*** Opening AVAILABLE DATA ***
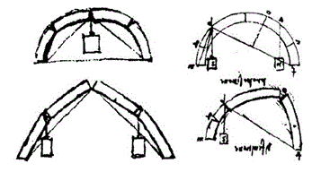 Leonardo da Vinci si interessò e studiò gli archi a tutto sesto. Fu il primo a rilevare esplicitamente il concetto di spinta. Per Leonardo l'arco è una fortezza derivata da due debolezze. Arriva a questa conclusione con il seguente ragionamento. L'arco è composto da due quarti di circonferenza, ognuno dei quali è debolissimo perchè da solo non è in grado di reggersi e quindi per sua natura tenderebbe a cadere. Però, questi due quarti di circonferenza opponendosi l'uno all'altro nella caduta, trasformano le loro debolezze in un'unica fortezza. Nei codici di Madrid disegna le possibili rotture di un arco a tutto sesto quando è soggetto a particolari carichi. In particolare, afferma che se un arco è caricato nel suo punto medio con un peso maggiore della sua resistenza allora si romperà in ciascun quarto della sua lunghezza.
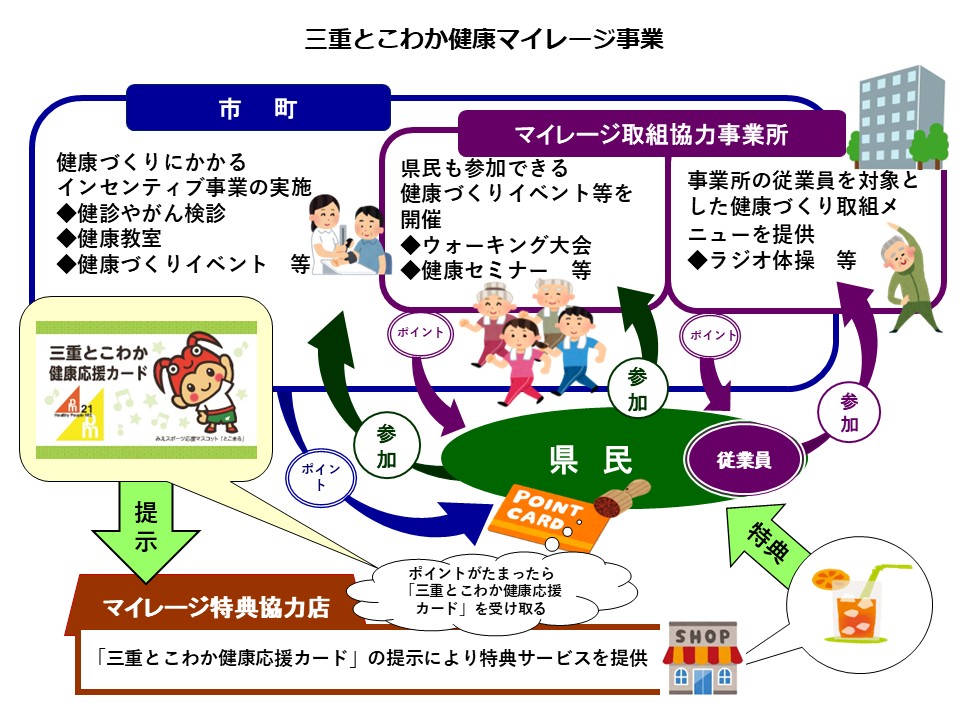 県民の皆さんが、食生活や運動などの生活習慣改善の実施、健康診査の受診、地域活動への参加、「マイレージ取組協力事業所」の提供する健康づくり取組メニューなど、マイレージ事業を実施する市町の健康づくりメニューへ参加することにより、ポイントを獲得します。一定のポイントを獲得した県民の皆さんには、市町より「三重とこわか健康応援カード」が交付されます。
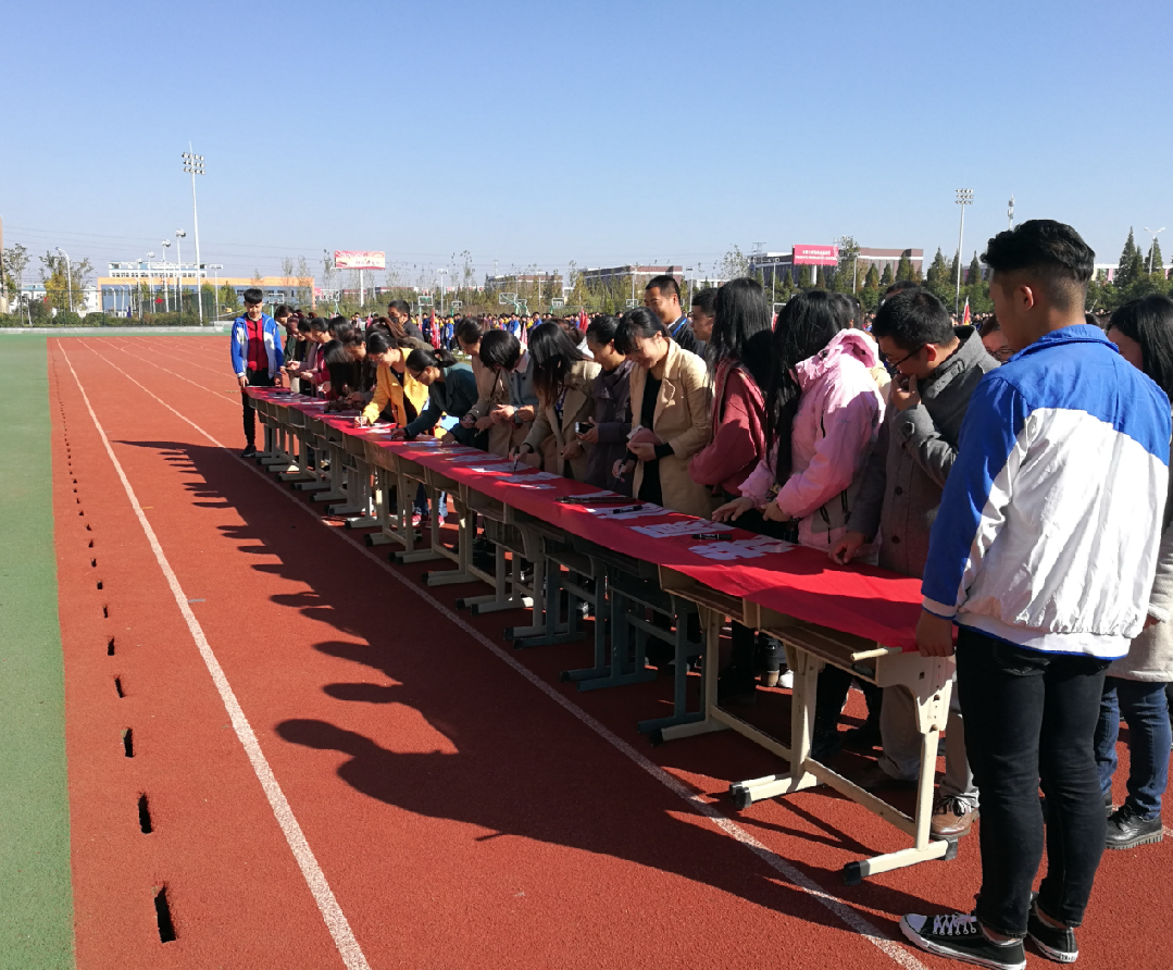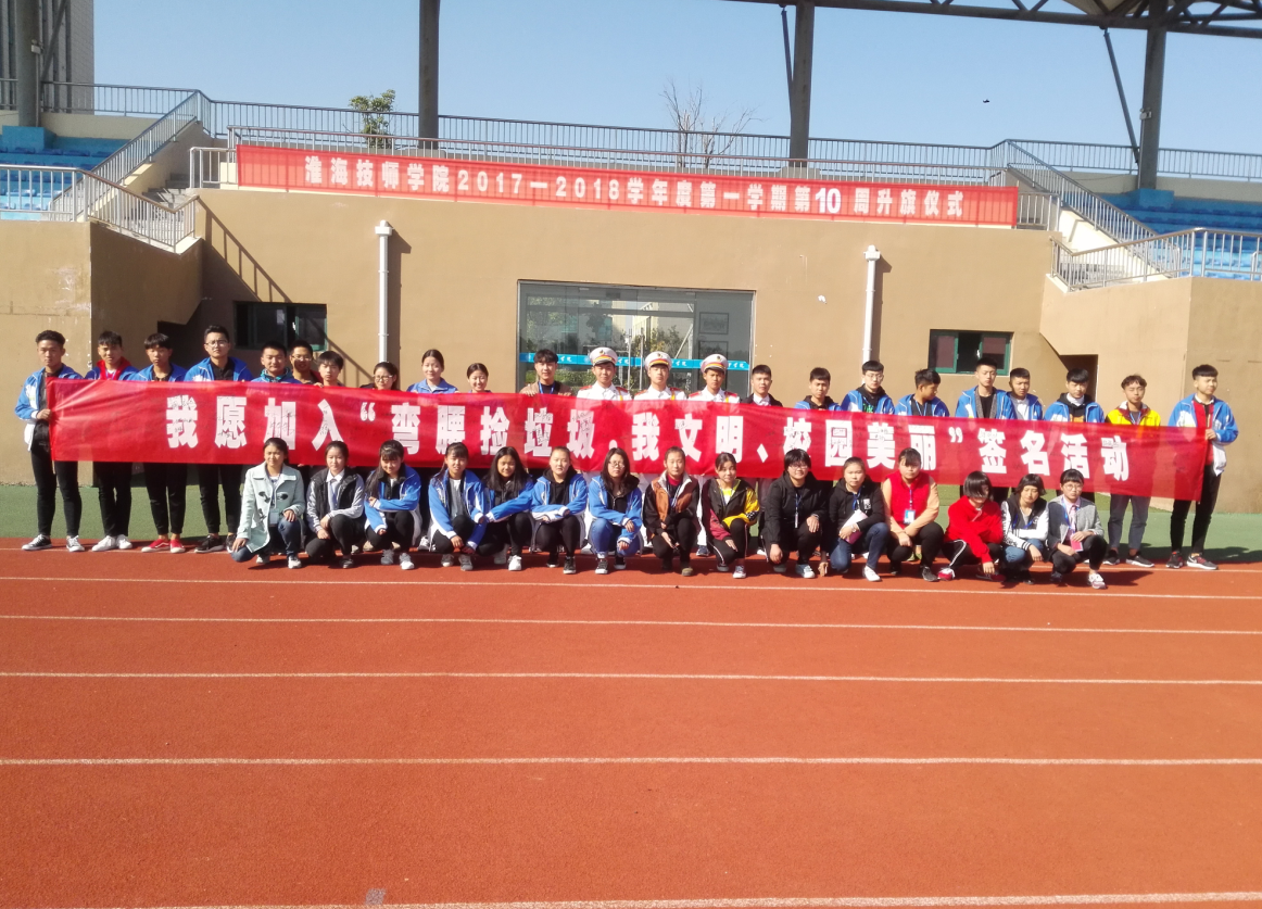 10月30日上午,我院在田径运动场举行第十周主题升旗仪式,并组织开展了“弯腰捡垃圾、我文明、校园美丽”签名活动。全院师生参加了活动。
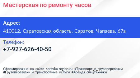 Мастерская по ремонту часов по адресу 410012, Саратовская область, Саратов, Чапаева, 67а в дальнейшем Организация, размещена в следующих категориях:
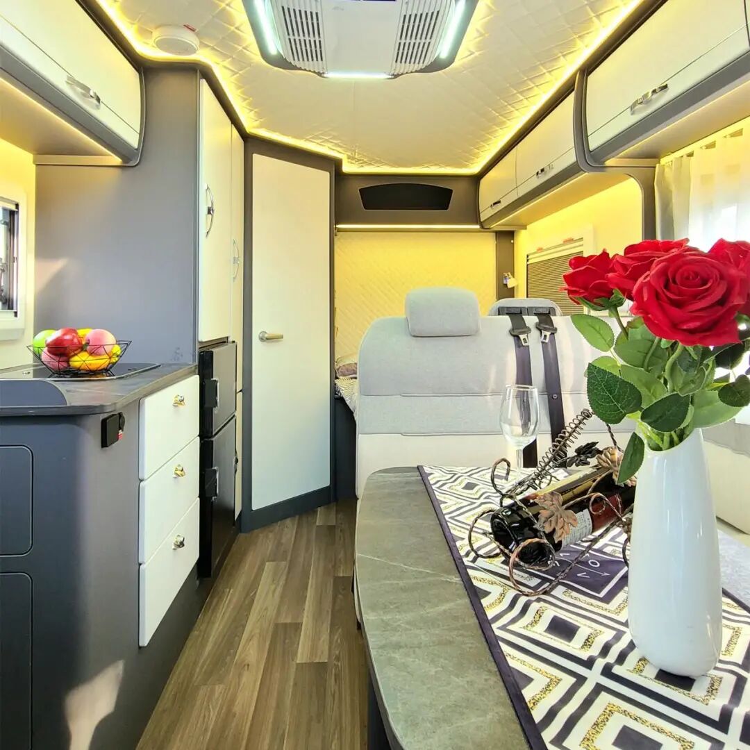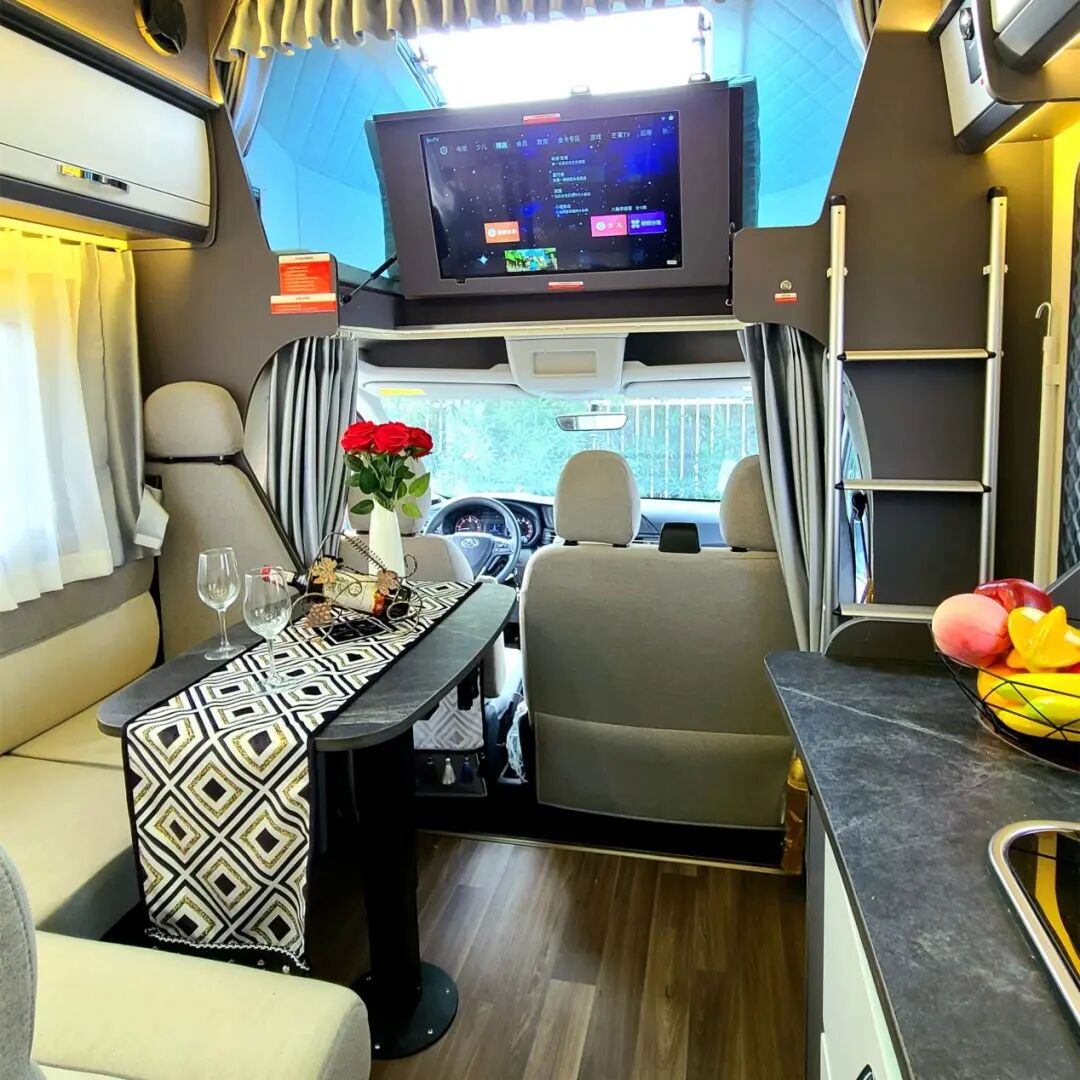 会客区设计L型沙发卡座,手感舒适,配有仿大理石材质可升降餐桌,降下后卡座区域可拼床,实用性高。配备32英寸互联网液晶电视,让旅途生活更加丰富多彩。房车专用顶置空调,冬暖夏凉,享受品质生活。
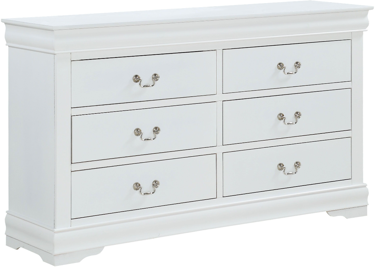 The Louis Philip dresser is the perfect combination of style and functionality, with its sleek white finish and 6 drawers ample storage space. Add a touch of sophistication to your bedroom while keeping your clothes organized and easily accessible with this stunning piece of furniture.Read More
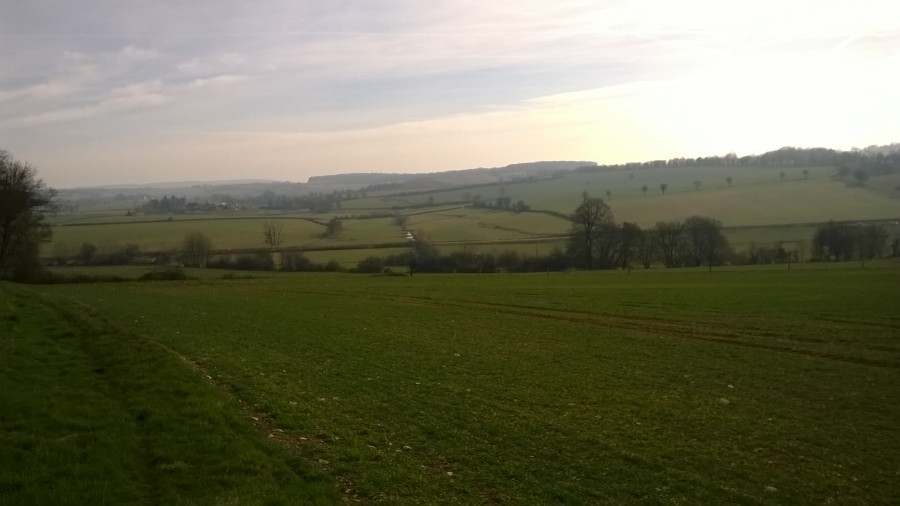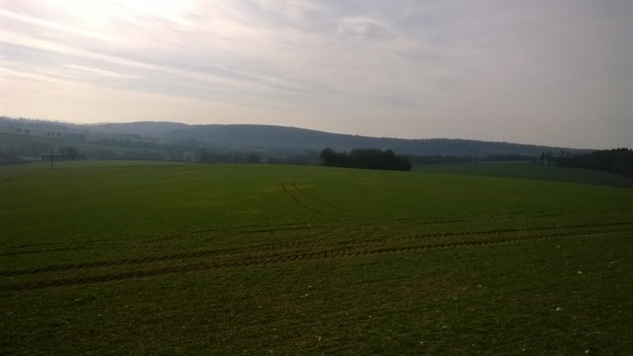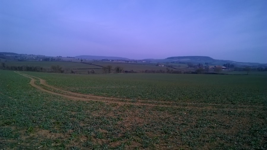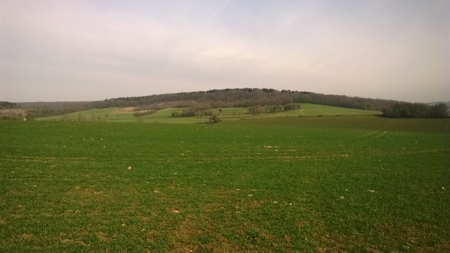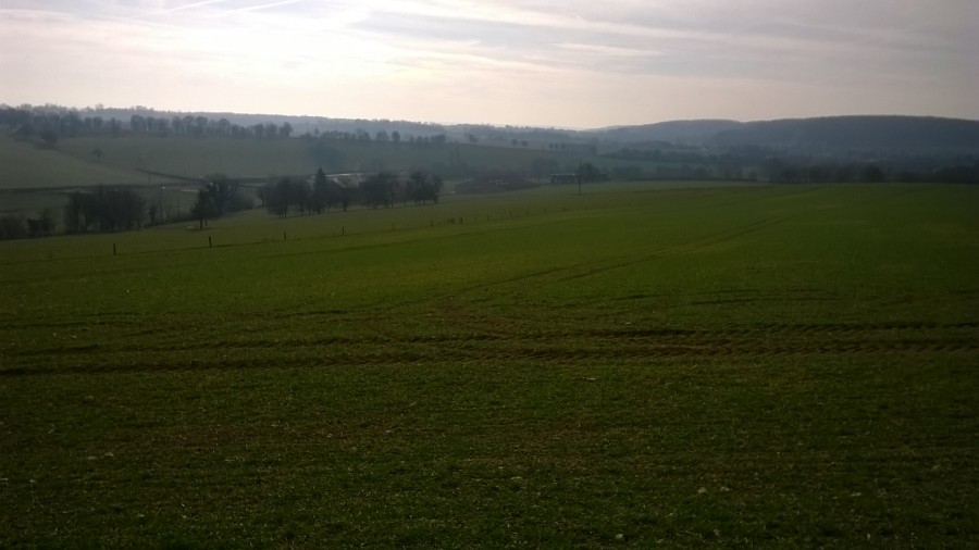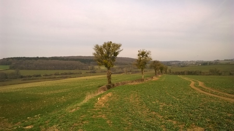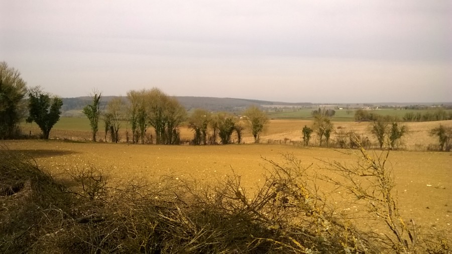 (je suis passée sur le chemin qu'on devine juste en dessous de la lisière du bois, là où il y a deux rangées d'arbres, c'est la partie de la balade juste après le km n°5)
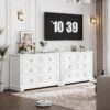 This Homfa double dresser offers essential storage space in your main bedroom or checkroom. It features 6 drawers that can be opened by pull ring handles with a vintage bronzed-finished, revealing plenty of room for your clothes, extra bedding, and books.
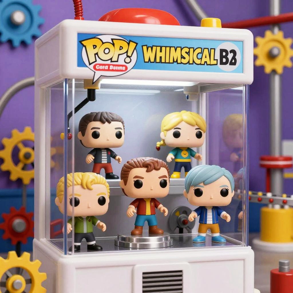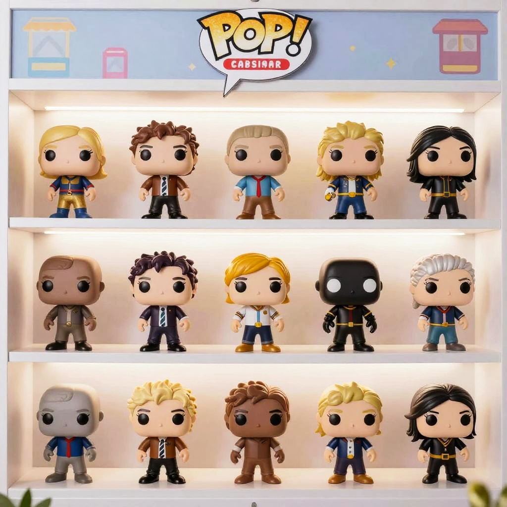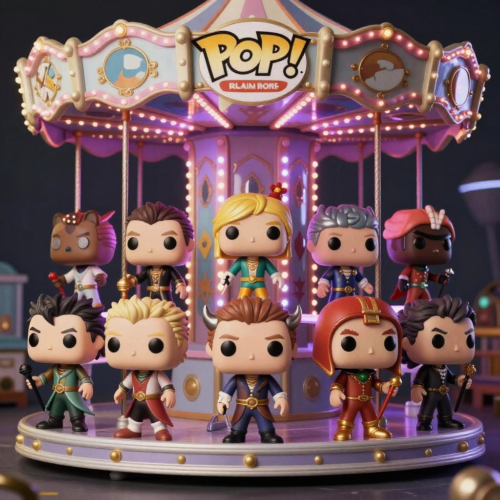 Random funko pop generator showcasing a randomized batch of custom-designed Funko Pop figurines with eclectic costumes, fantasy themes, and pop art influences, arranged on a neon-lit carousel, captured with hyper-realistic textures and dynamic composition
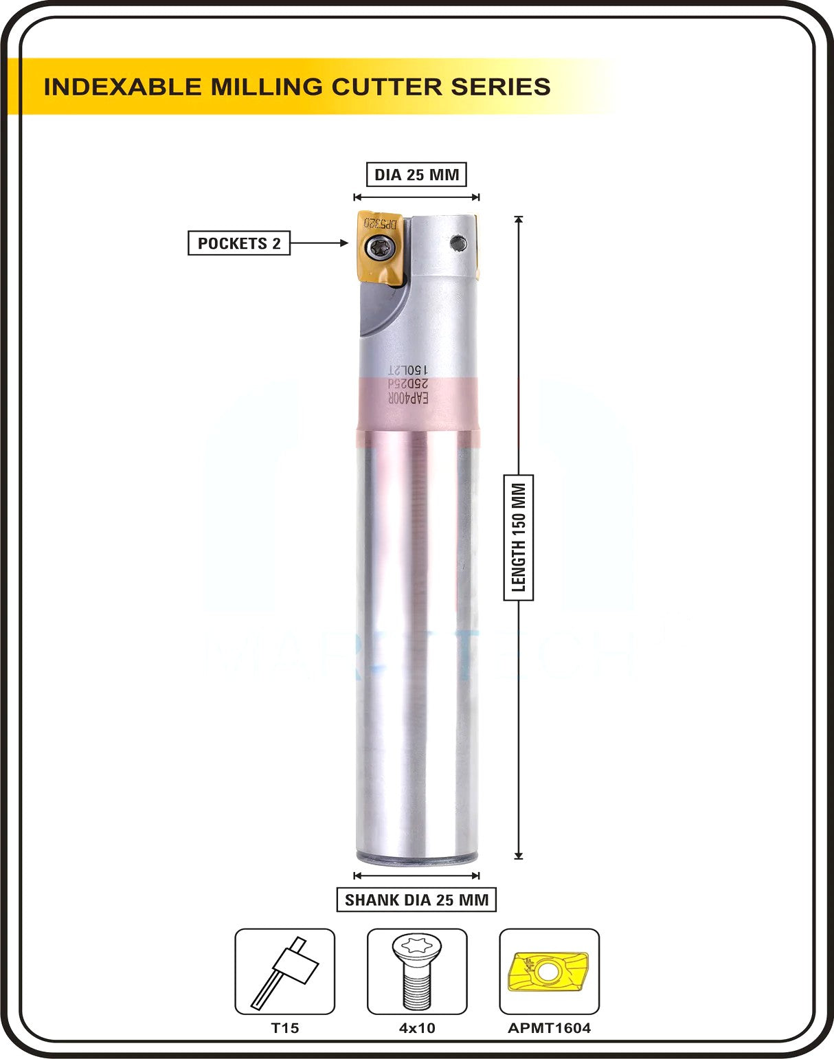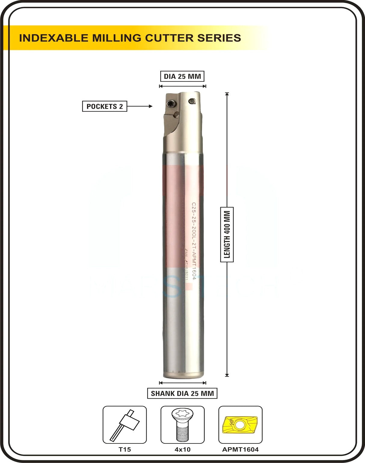This is a precision-engineered Shoulder and Face Milling Cutter used in both CNC and Manual Milling Machines. Compatible with ISO APMT1604 carbide inserts, it ensures cost-effective and efficient machining compared to traditional HSS tools. The cutter body is hardened to 45β50 HRC, offering excellent wear resistance and long tool life.
*** Closing AVAILABLE DATA ***
INSTRUCTIONS TO FOLLOW =
Working from the entries above, reproduce exactly and only the lines beginning with the line that has "Мастерская по ремонту" and ending with the line that has "Random funko pop"; omit all pictures.

REPLY TO THE TASK =
 Мастерская по ремонту часов по адресу 410012, Саратовская область, Саратов, Чапаева, 67а в дальнейшем Организация, размещена в следующих категориях:
 会客区设计L型沙发卡座,手感舒适,配有仿大理石材质可升降餐桌,降下后卡座区域可拼床,实用性高。配备32英寸互联网液晶电视,让旅途生活更加丰富多彩。房车专用顶置空调,冬暖夏凉,享受品质生活。
 The Louis Philip dresser is the perfect combination of style and functionality, with its sleek white finish and 6 drawers ample storage space. Add a touch of sophistication to your bedroom while keeping your clothes organized and easily accessible with this stunning piece of furniture.Read More
 (je suis passée sur le chemin qu'on devine juste en dessous de la lisière du bois, là où il y a deux rangées d'arbres, c'est la partie de la balade juste après le km n°5)
 This Homfa double dresser offers essential storage space in your main bedroom or checkroom. It features 6 drawers that can be opened by pull ring handles with a vintage bronzed-finished, revealing plenty of room for your clothes, extra bedding, and books.
 Random funko pop generator showcasing a randomized batch of custom-designed Funko Pop figurines with eclectic costumes, fantasy themes, and pop art influences, arranged on a neon-lit carousel, captured with hyper-realistic textures and dynamic composition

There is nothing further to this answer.